Dossier n°1, avril 2001
Vache folle et Nouvelle variante de la maladie de Creutzfeldt-Jakob: Le prion, une protéine qui donne le mauvais exemple
par Sylvie Déthiollaz
huile sur toile, 2001
En matière d'infection, les médecins pensaient avoir tout vu, et pourtant. Depuis quelques années, des pathogènes d'un nouveau genre ont fait leur apparition. Ni virus, ni bactéries, les prions - responsables de maladies mortelles qui affectent le système nerveux de l'Homme et de l'animal - ne sont rien d'autre que des protéines. [PDF] [english]
Aujourd'hui sous le feu des projecteurs à cause de l'affaire de la «vache folle », les maladies à prions sont associées à une protéine produite naturellement par les cellules des êtres humains et de nombreux animaux vertébrés. PrP, tel est son nom, est une petite protéine : environ cent fois plus petite que les plus petits virus, elle est invisible même pour le meilleur microscope électronique. Ce sont les neurones - les cellules du cerveau et de la moelle épinière - qui en fabriquent le plus. Cependant, comme la grande majorité des protéines, son existence est limitée dans le temps. Au fur et à mesure que de nouvelles protéines PrP sont produites, les anciennes sont détruites par d'autres protéines appelées «protéases » afin qu'elles ne s'accumulent pas à l'intérieur des cellules et n'entravent le bon fonctionnement de ces dernières. Mais en dehors du fait qu'elle est associée à la membrane de la cellule - c'est-à-dire à son enveloppe - on ne sait pas exactement à quoi sert PrP en temps normal.

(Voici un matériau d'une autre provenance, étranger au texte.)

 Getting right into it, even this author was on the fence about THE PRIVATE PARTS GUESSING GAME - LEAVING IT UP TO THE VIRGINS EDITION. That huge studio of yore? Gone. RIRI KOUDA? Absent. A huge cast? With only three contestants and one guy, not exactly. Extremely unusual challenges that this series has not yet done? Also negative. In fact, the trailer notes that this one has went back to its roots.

Une protéine, sept maladies
Pourtant chez l'Homme, cette même protéine PrP est impliquée dans au moins sept maladies rares qui se caractérisent toutes par des pertes de mémoire, des troubles du comportement et des mouvements désordonnés, suivis d'une démence dont l'issue est rapidement fatale. Jusqu'à maintenant, la plus connue était la maladie de Creutzfeldt-Jakob dont on dénombre trois formes qui produisent des neuropathologies légèrement différentes. Tout d'abord, une forme sporadique qui touche à travers le monde une nouvelle personne par an et par million d'habitants et se déclare aux alentours de 60 ans. Ensuite, une forme génétique - des cas familiaux apparaîssant entre 45 et 60 ans - due à des mutations dans le gène codant pour la protéine PrP. Mais cette maladie peut aussi être transmise par une source contaminée (forme iatrogénique). Des enfants sont morts de Creutzfeldt-Jakob après avoir reçu des injections d'hormones de croissance provenant d'hypophyses prélevées sur des personnes décédées. L'utilisation d'instruments chirurgicaux mal stérilisés ou encore la transplantation de cornées sont d'autres voies possibles d'infection.

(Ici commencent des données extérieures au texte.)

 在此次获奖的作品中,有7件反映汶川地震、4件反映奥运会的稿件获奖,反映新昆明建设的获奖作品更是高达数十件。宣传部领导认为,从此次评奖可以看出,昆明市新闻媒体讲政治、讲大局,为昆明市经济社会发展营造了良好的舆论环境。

Et puis en 1995 est apparue ce que l'on appelle la nouvelle variante de la maladie de Creutzfeldt-Jakob (nvMCJ). Caractérisée par une évolution plus lente (14 mois en moyenne entre l'apparition des premiers symptômes et le décès, contre six semaines à six mois dans la forme habituelle), mais un temps d'incubation plus court, cette variante affecte par conséquent des personnes jeunes (moins de 40 ans), qui présentent au niveau de leur cerveau des lésions tout à fait inhabituelles. Les premiers cas ayant été décélés en Angleterre - le pays le plus touché par l'encéphalopathie bovine spongiforme ou ESB (maladie à prions du boeuf) - la nvMCJ a très vite été suspectée d'être la conséquence de la transmission à l'Homme de la maladie bovine par ingestion d'aliments contaminés.
Une hypothèse révolutionnaire
Pour qu'il y ait infection, on pensait jusqu'à peu qu'il fallait q'un micro-organisme s'introduise dans notre corps et s'y multiplie jusqu'à en perturber le bon fonctionnement. Par micro-organisme on entend un organisme microscopique possédant de l'ADN, c'est-à-dire sa propre information génétique - comme un virus, une bactérie ou certains champignons - qui lui permettra de produire dans notre corps ses propres protéines et de s'y multiplier. Mais ici, rien de tel. Toutes les tentatives pour mettre en évidence la présence de matériel génétique étranger qui pourrait trahir l'intrusion d'un micro-organisme ont pour l'instant échoué : il semble que l'infection soit due à l'ingestion d'une modeste protéine. Un dogme de la biologie moléculaire se trouve sérieusement ébranlé.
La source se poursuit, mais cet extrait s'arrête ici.